Laridian® DocAnalyzer

User's Guide

 

October 2012

 

Table of Contents

Overview

Creating HTML documents to use with Laridian BookBuilder can be a challenging task. Computers read tags with ease, but we need a little help. Laridian DocAnalyzer can help you solve problems you might encounter while building a book, point out trouble spots in your HTML, and give you some good statistical information about the book you're creating. Whether you're publishing your own work or formatting an already published work to use with Laridian's many book readers, DocAnalyzer can be a big help.

System Requirements

DocAnalyzer requires Windows 2000, XP, Vista, Windows 7, or later. If you are running BookBuilder you meet the system requirements.

DocAnalyzer produces an HTML document as its output. A web browser will be useful in viewing this document. Any current web browser will be sufficient (i.e.: Internet Explorer, Firefox, or Google Chrome).

In A Nutshell

When you create a book yourself and run it through BookBuilder, you have total control over the original file and it's unlikely you'll insert anything into the file that is problematic. If you do, it's easy to find since it's your book. If, on the other hand, you download a book from the Web, or (like us at Laridian) you receive a file from a third party (the author or publisher), you really don't know what's in the file. If it's large, there could be small things hiding there that would be difficult to see if you had to depend on just reading the file on your computer screen.

Files you receive from an author or publisher will most likely use a tagging scheme that is not compatible with BookBuilder. Bible references might look like “4003016” instead of John 3:16. Headings may be delimited with a tag like <p class="heading-1">. Bold and italics might be marked as “...this is [BO]bold[RO] and this is [IT]italic[RO]...”. While you might be able to discover most of these by just examining the file, DocAnalyzer will look at every single character in every single line and find every single occurrence of these odd tags. Thus it is the source of your first “to-do list” when coming up with a strategy for tagging a file.

There are two times when you use DocAnalyzer. First, you will want to run DocAnalyzer on a document you have downloaded from the Web or received from an author or publisher prior to beginning to tag that document. Your goal in doing this is to come up with a full list of:

  1. tags or attributes are not recognized by BookBuilder and therefore need to be removed or changed,
  2. tags that serve as clues for the location of your headings (for the table of contents) or synchronization points (<pb_sync> tags),
  3. characters that are not recognized by BookBuilder,
  4. tags that might be missing their corresponding closing tags (i.e. there are more <ol> tags than </ol> tags)

Second, you can use DocAnalyzer during the tagging process to verify that you haven't left any unrecognized tags in the document or inserted any illegal characters.

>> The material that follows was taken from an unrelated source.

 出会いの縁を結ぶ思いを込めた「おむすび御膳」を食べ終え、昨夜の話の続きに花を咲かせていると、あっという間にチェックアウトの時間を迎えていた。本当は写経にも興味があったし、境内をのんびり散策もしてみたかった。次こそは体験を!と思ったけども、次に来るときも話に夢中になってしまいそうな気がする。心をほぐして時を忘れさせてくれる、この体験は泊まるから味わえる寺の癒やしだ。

When you run DocAnalyzer, an HTML document is produced that is called original document name.docanalyzer.htm in the same directory where your HTML document is saved. This is referred to as the output file throughout the rest of this documentation. The output file will have a wealth of information in it, including a statistical analysis of every character in your HTML file, all of the tags used, and warnings about possible problems with your HTML file.

About this Documentation

This document consists of two sections, one that details the options and operation of DocAnalyzer, which is fairly straightforward, and a section with practical help in using the information in the DocAnalyzer output file.

DocAnalyzer Options and Operations

Installing DocAnalyzer

When you installed BookBuilder you also installed DocAnalyzer which is one of three programs that come with BookBuilder. Generally DocAnalyzer will be found in the directory C:\Program Files (x86)\Laridian on 64 bit computers or C:\Program Files\Laridian on 32 bit computers. It will also appear in your Start Menu under Laridian\BookBuilder Professional or Laridian\BookBuilder Standard.

Running DocAnalyzer

Double-click on the DocAnalyzer program, or start it from the Start menu. The window that appears has a number of options to set.

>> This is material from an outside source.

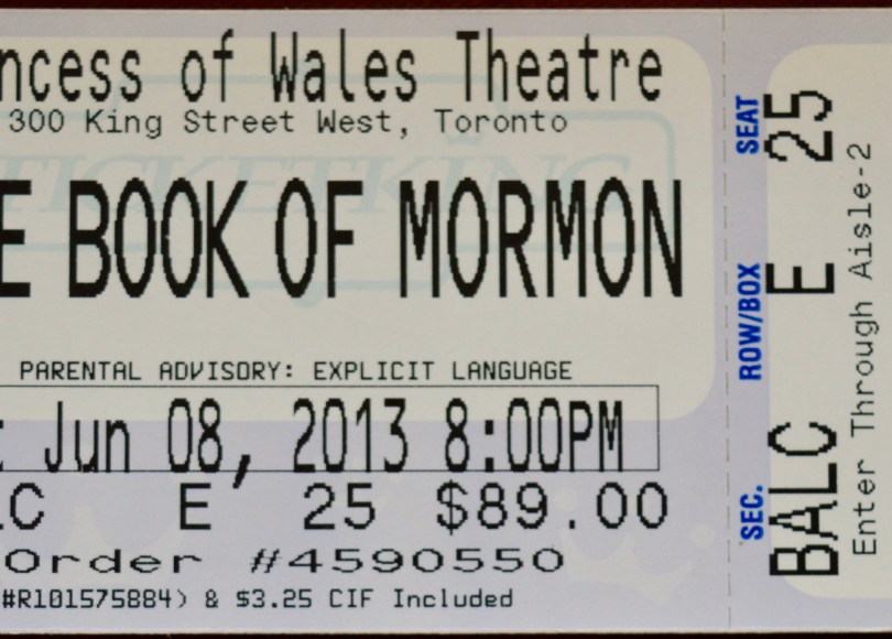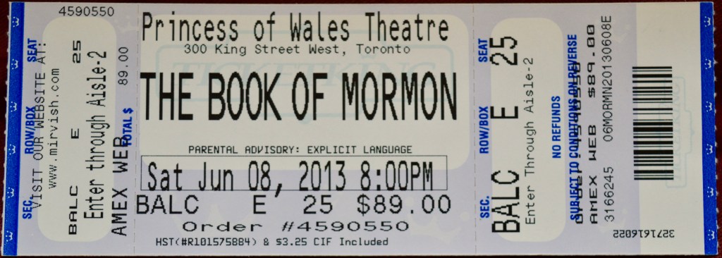 On June 6th, 2013 I went to see Book Of Mormon in Toronto. The Parker/Stone production was a huge hit on Broadway and while I’ve never been much of a fan of musicals I was intrigued. M’lady and I were in the Big Smoke seeing the Stones so we pulled the trigger and bought the cheapest tickets available.

Begin by clicking the Browse button in the upper right-hand corner of the window. A second window will appear to navigate to your HTML file. Click on your HTML file and click Open. You can only analyze one HTML file at a time.

Usually the other options can be left as their defaults. Just click Go! and DocAnalyzer will go to work. You can see it working in the status field at the bottom of the window. When you see Done! in the status field, you can click Exit or browse to another HTML document to analyze.

Note: DocAnalyzer overwrites any previously created output file, or any file named original document name.docanalyzer.htm. If you wish to keep previous output, it is recommended that you rename the file (but keep the extension .htm) or move it out of the directory containing your original file.

When you are finished running DocAnalyzer, close it selecting the Exit! button.

Options

The options in DocAnalyzer can usually be left in their default mode, but in some cases you may want to change the options.

Tags

DocAnalyzer assumes the file you are starting from is some kind of tagged file that conforms to HTML or XML tagging standards. Tags in these languages look like this:

start-delimiter tag-name attribute-name = value end-delimiter

Where the start-delimiter is the less-than character (<); tag-name is the name of the tag, like “p” for “paragraph” or “ul” for “unordered list”; attribute-name is the name of a tag attribute, like “align” to change the alignment of a paragraph; value is the value of the attribute, like “center” to center a paragraph on the screen; and end-delimiter is a greater-than sign (>). A tag can have zero or more attribute/value pairs, and attribute values can be in quotes (and must be, if they contain a space). Here are some examples of HTML tags:

<a href="bible:John 3:16">
<b>
<meta name=pb_title value="The Holy Bible" />

By default, DocAnalyzer is configured to analyze HTML or XML files, but if your file is in some other format where the tags coincidentally follow this syntax, you can change the start and end characters to support your file format.

Your file may contain tags that are not supported by BookBuilder, so you will need to find and change those tags. When you check the Analyze Tags checkbox, DocAnalyzer will create a list of all the tags it finds in your document. If your document isn't tagged or uses some very unusual tagging format that DocAnalyzer can't distinguish from the surrounding text, you might want to disable the option to analyze tags.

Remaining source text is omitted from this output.